The "nut" graf:
The current debate about government wiretapping of U.S. citizens inside the United States as part of the war on terrorism, like the debate before it about the torture of terror suspects, and the debate before that one about U.S. government prison camps at Guantanamo and in Eastern Europe, are all framed as arguments about the divisibility of freedom. They are framed that way by the good guys—meaning, of course, the side I agree with, which is the side of the civil libertarians who oppose these measures. That is part of why the good guys are losing. The arguments all seem to pit hard practicality on one side against sentiment, if not empty sentimentality, on the other. There are the folks who are fighting a war to protect us from a terrible enemy, and there are the folks getting in their way with a lot of fruity abstractions. You can note all you want the irony of the government trampling American values in the name of protecting them (yes, yes, like destroying that village in Vietnam in order to save it). The hard men and hard woman who are prosecuting this war for the Bush administration can turn that point, rather effectively, on its head. If the cost of losing the war and the cost of winning it are both measured in the same currency—American values, especially freedom—then giving up some freedom in order to avoid losing all of it is obviously the right thing to do.

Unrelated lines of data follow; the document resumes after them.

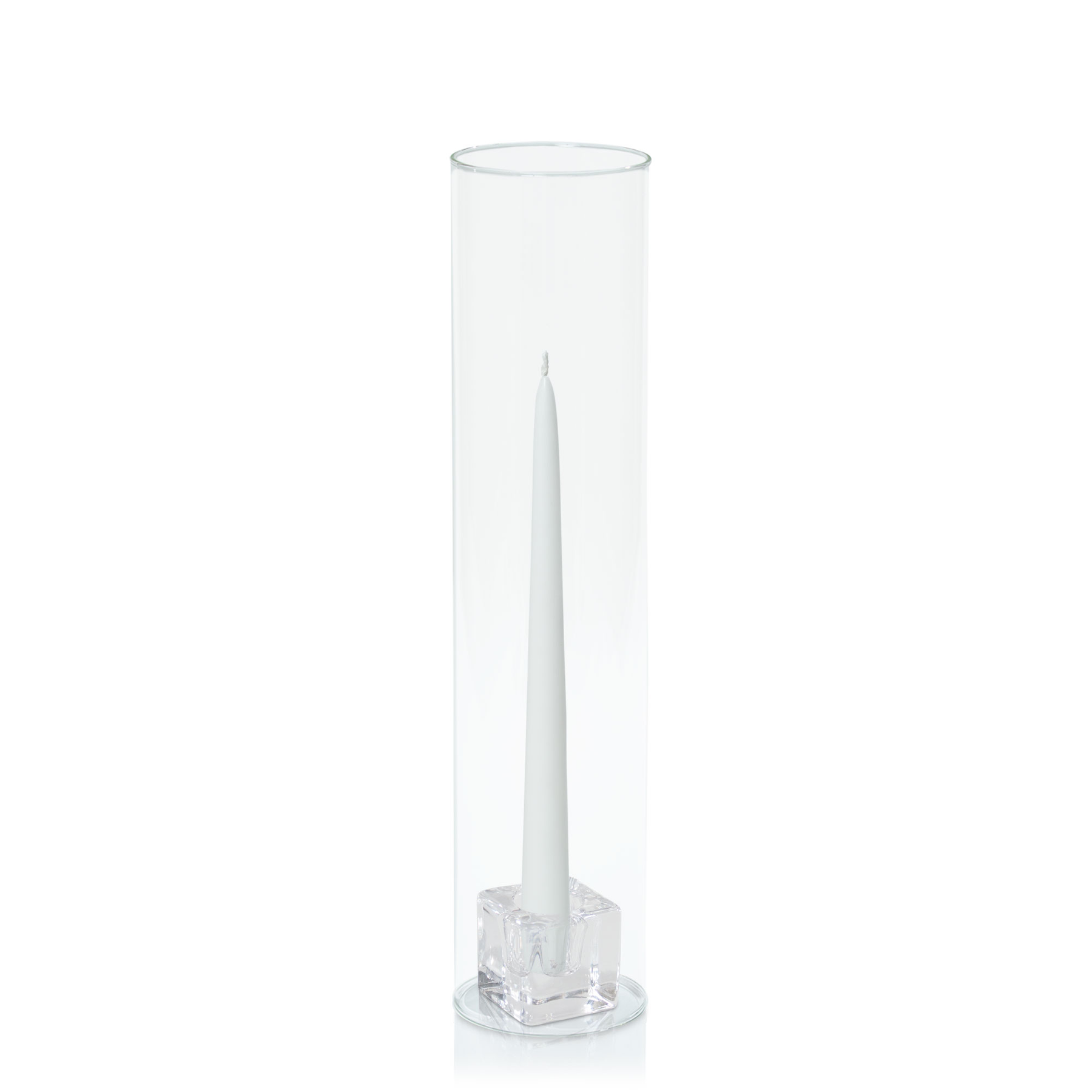 White 25cm Taper Candles with Small Glass Holders and Sleeves - Set of 12
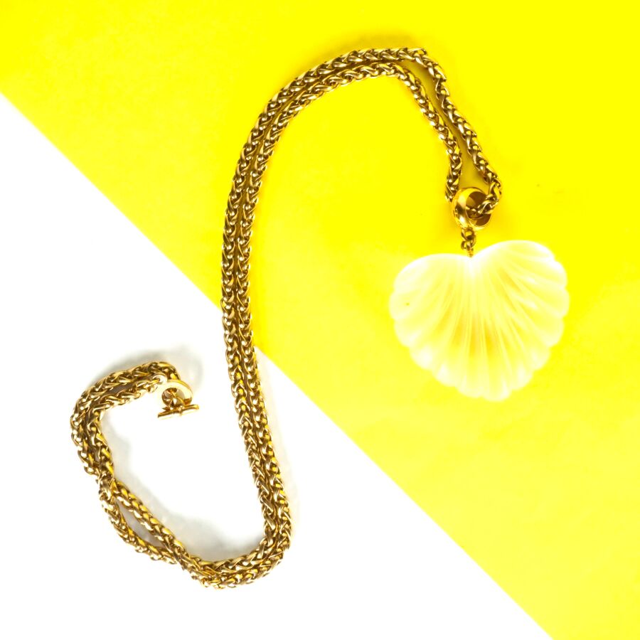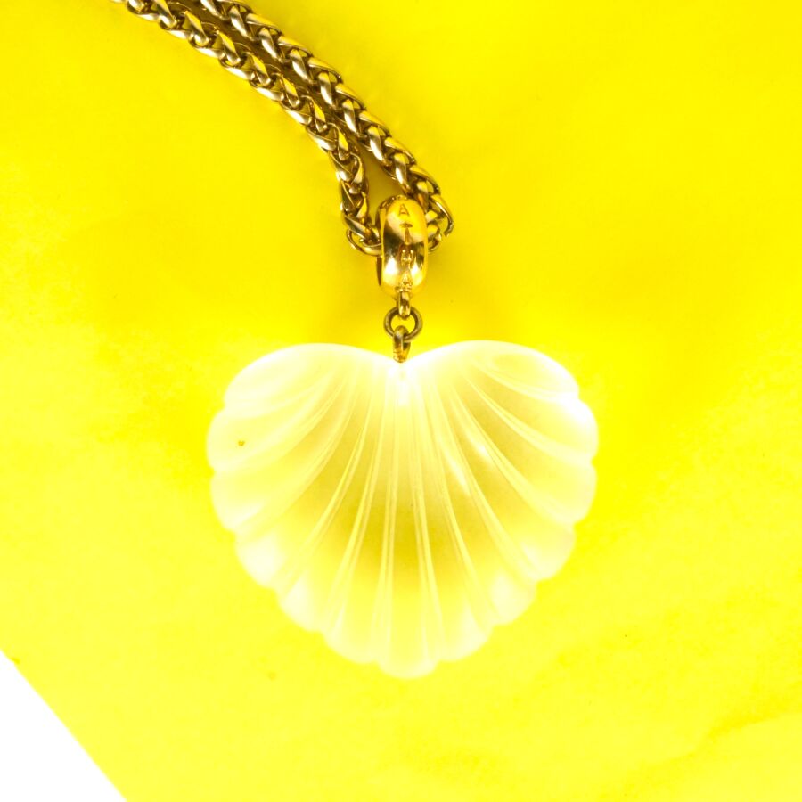 AGATHA : Sautoir en métal doré retenant un pendentif moulé à motif d'un coeur, signé sur le fermoir, L. 82 cm. Dim. Pendentif (hors bélière) : 5 x 5.8 cm. H. Avec bélière : 7.1 cm.
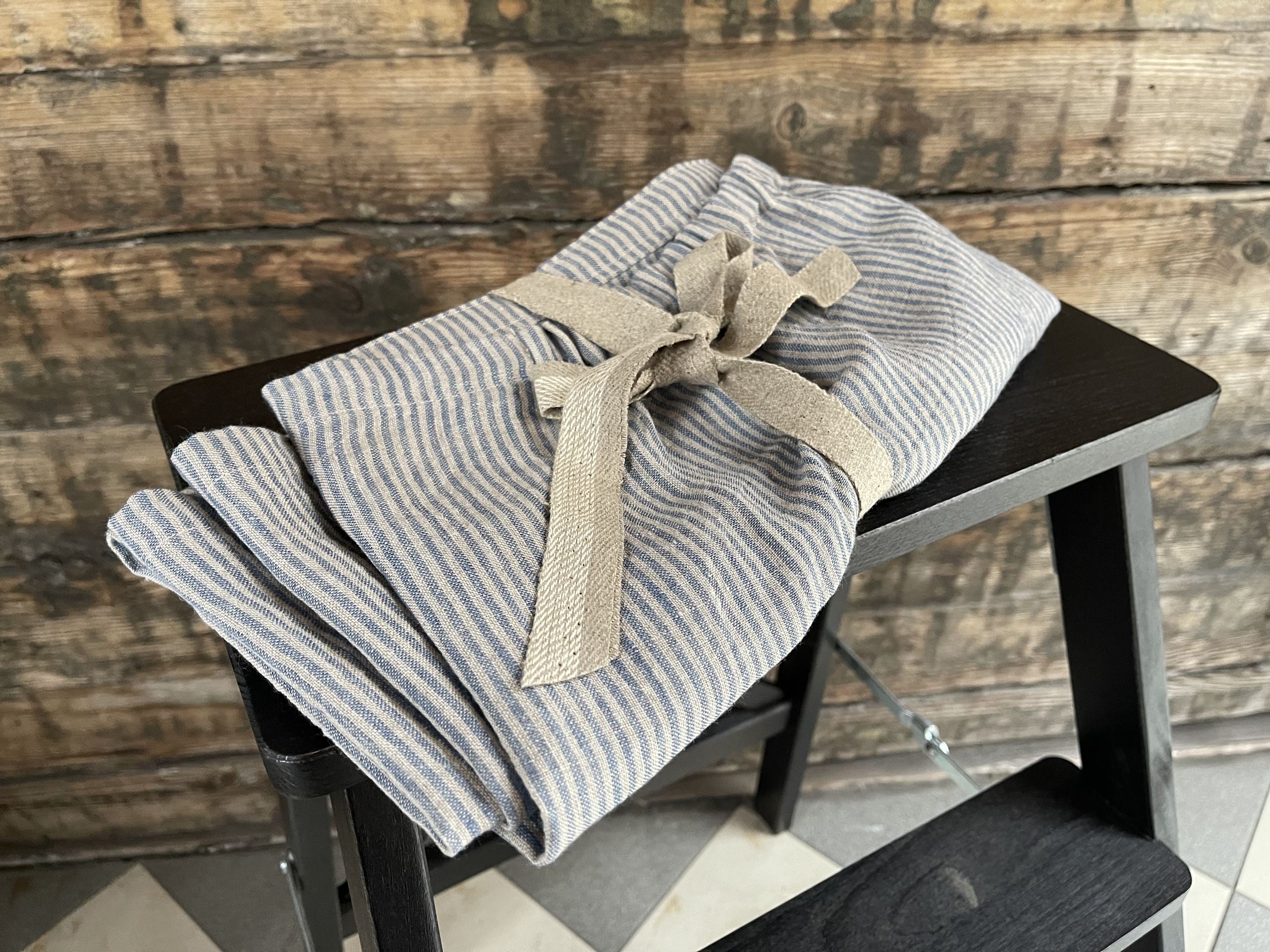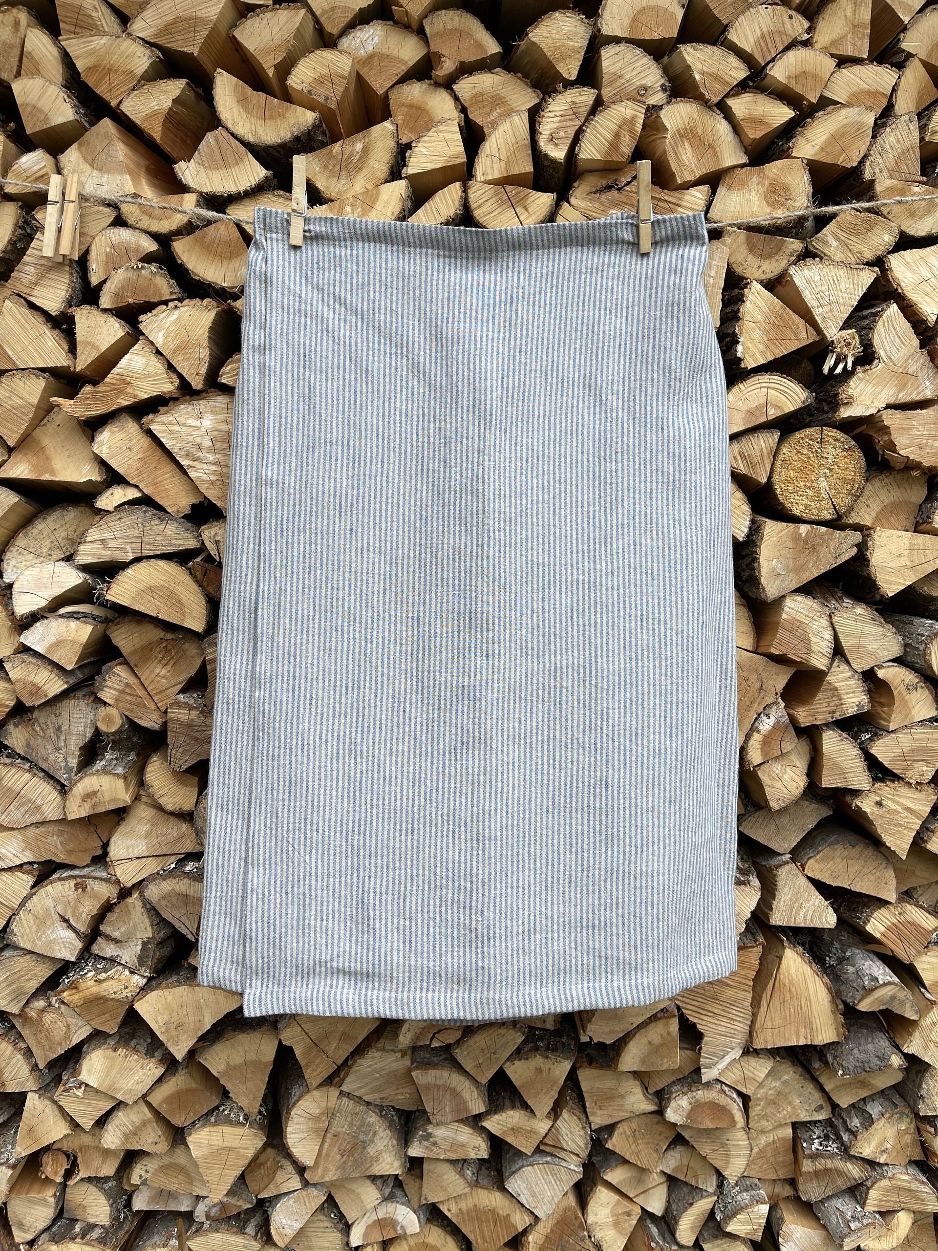 Gaiši zili/dabīgi pelēki svītroti, mīkstināta lina pirts svārki
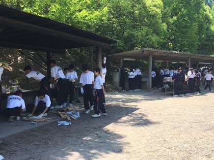 野外炊飯が始まりました。
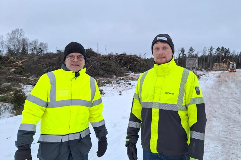 – Man måste ploga bort snön i god tid så att tjälen hinner vandra ner i åkern. Men som du ser är det väldigt fin vinterväg nu, så här hinner vi bra bli färdiga, säger skogschef Oskar Qvarnström.

President Bush characterizes the NSA domestic spying program as a "vital tool" against terrorism, while Vice President Cheney says it has saved "thousands of lives."
The FBI begs to differ, according a story in today's New York Times, which says that the NSA sent the bureau a flood of telephone numbers, e-mail addresses and names, requiring hundreds of agents to check out thousands of tips a month.
Let's not overlook the fact that the FBI is easily the whiniest of the U.S. intelligence agencies in the post-9/11 world and has been better at fighting turf wars than terrorists. But the Times notes that virtually all of the NSA information led to dead ends or innocent Americans, which (yet again) certainly puts the lie to the Bush-Cheney defense.
Says the Times:
F.B.I. officials repeatedly complained to the spy agency that the unfiltered information was swamping investigators. The spy agency was collecting much of the data by eavesdropping on some Americans' international communications and conducting computer searches of phone and Internet traffic. Some F.B.I. officials and prosecutors also thought the checks, which sometimes involved interviews by agents, were pointless intrusions on Americans' privacy.
As the bureau was running down those leads, its director, Robert S. Mueller III, raised concerns about the legal rationale for a program of eavesdropping without warrants, one government official said. Mr. Mueller asked senior administration officials about "whether the program had a proper legal foundation," but deferred to Justice Department legal opinions, the official said.